Bills involving the Iowa Student Public Interest Research Group and the Campustown Student Association will be discussed at Wednesday’s GSB Senate meeting.
If passed, one bill would give ISPIRG nearly $3,000 in funding and make it a student-funded office of GSB.
ISPIRG is a nonpartisan group that brings students’ interests and concerns with societal problems to legislative bodies. This semester, ISPIRG sponsored the New Voters Project.
Chelsea Lepley, president of ISPIRG, said the GSB finance committee had encouraged the group last week to pursue becoming a student-funded office, which would put it under different regulations than other student groups and give them priority attention in the allocation process. But Monday night, members of the finance committee voted 5-4 against supporting ISPIRG as student-funded office.
“I voted no because I think it’s best to leave it in the middle of the road,” said Andrea Smook, Richardson Court Association senator and finance committee member. “I think this is an issue senate should decide for itself.”

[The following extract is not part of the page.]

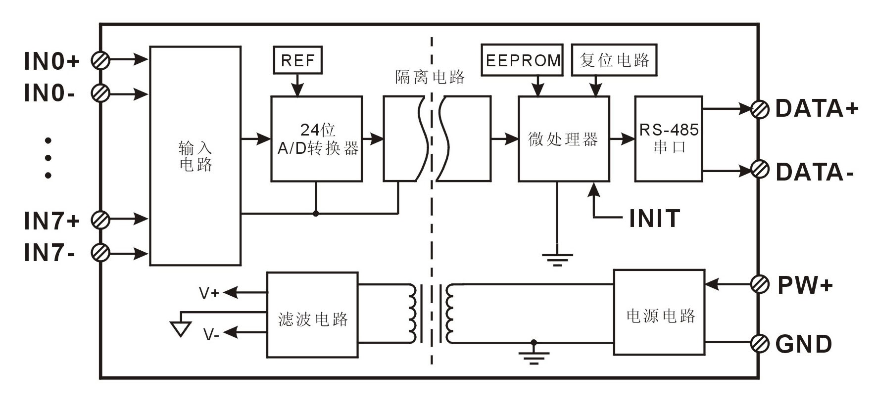 24位采集精度,8路模擬信號輸入。產(chǎn)品出廠前所有信號輸入范圍已全部校準(zhǔn)。在使用時(shí),用戶也可以很方便的自行編程校準(zhǔn)。具體電流或電壓輸入量程請看產(chǎn)品選型。
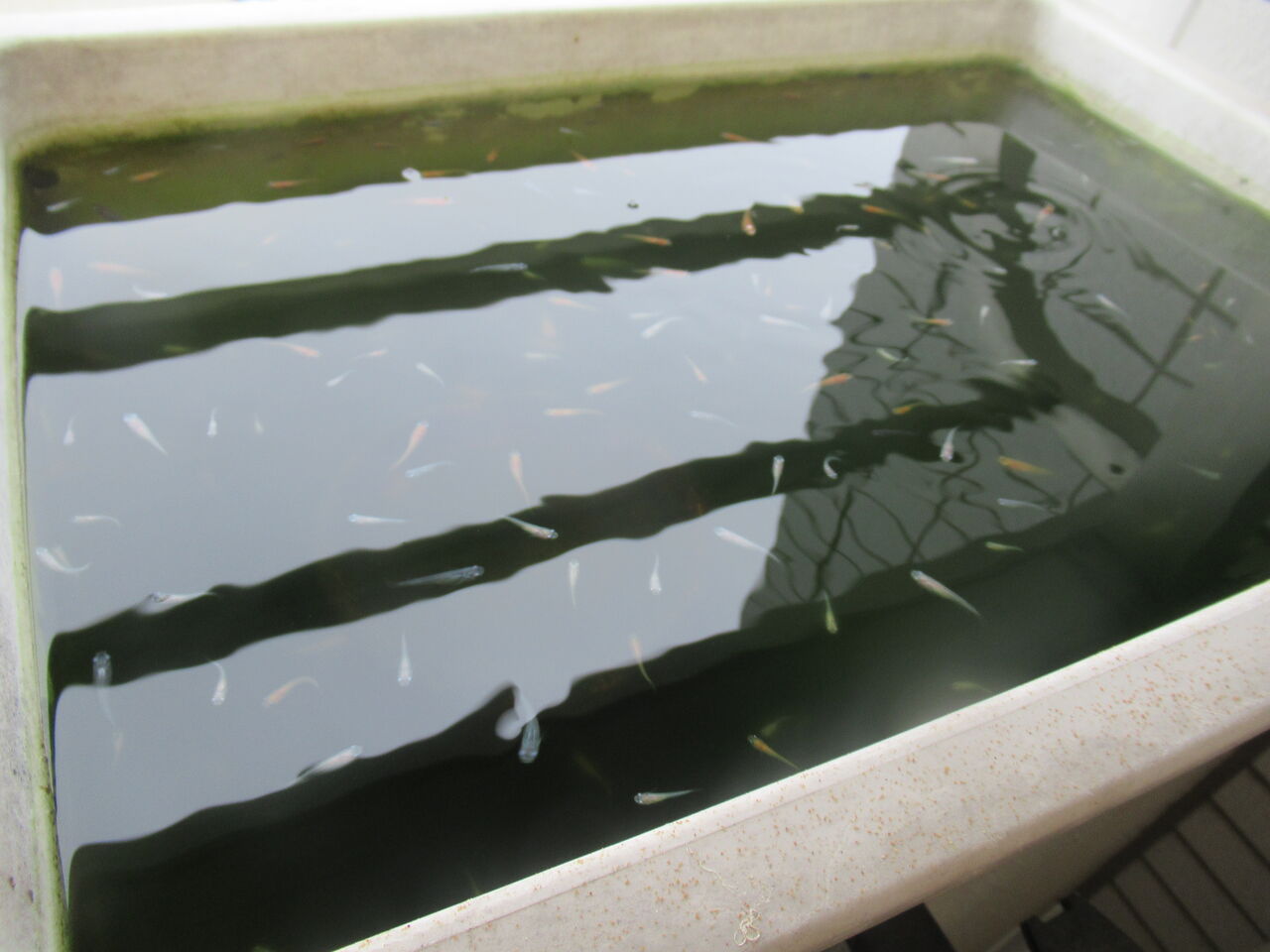 メダカの稚魚たちはかなり大きくなりました。親と変わらない大きさの個体もいます。

Jeremy Schweitzer, at-large member of the finance committee, said he disagreed with the committee’s decision to not make a recommendation because it is an issue on which the committee should take a stand.

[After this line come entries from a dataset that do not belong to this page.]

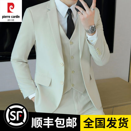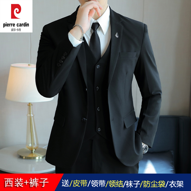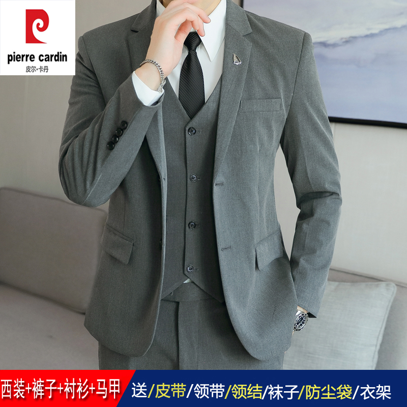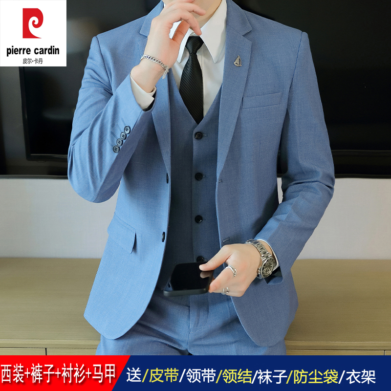 皮尔卡丹男士休闲西服套装男韩版修身小西装商务正装新郎结婚礼服
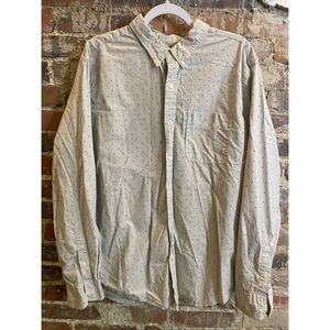 AMERICAN EAGLE • Off White or Light Gray / Black Mini Square Polkadots Long Sleeve Button-up Collared 100% Cotton Shirt • Men’s Size XXL
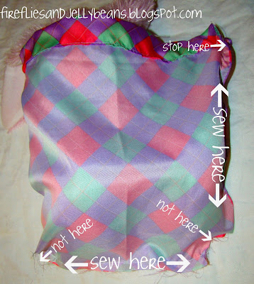 11. Put your ribbons into the INSIDE of the bag and pull about 1/2 an inch out of the square opening on the bottom of the back. Square off the ends of the bag and sew the ribbons in the seam. repeat on the other side.

“We’ve been telling them 12 million things, and we need to start forcing some decisions,” he said.
Speaker of the Senate Henry Alliger said discussion about the group isn’t giving a view on what direction the discussion of these bills will take.
“There is a full third of the senate that is very supportive of ISPIRG, but there is also a small group that nothing will change their minds about the negative aspects,” Alliger said. “The majority of the senate is in the middle, either waiting to be convinced or arguing with themselves over the group’s merits.”
Alliger said one concern is that senators don’t know what benefits a full-time campus organizer would bring — a component Lepley said is essential for the group.
When the bill for ISPIRG funding went to the GSB finance committee two weeks ago, nearly $15,000 that would have gone to pay for a full-time campus organizer was cut.
A bill that would establish a senate seat for a member of the newly formed Campustown Student Association was defeated last week, but College of Business Senator David Stout, who voted no, said he or someone else will most likely reintroduce it Wednesday.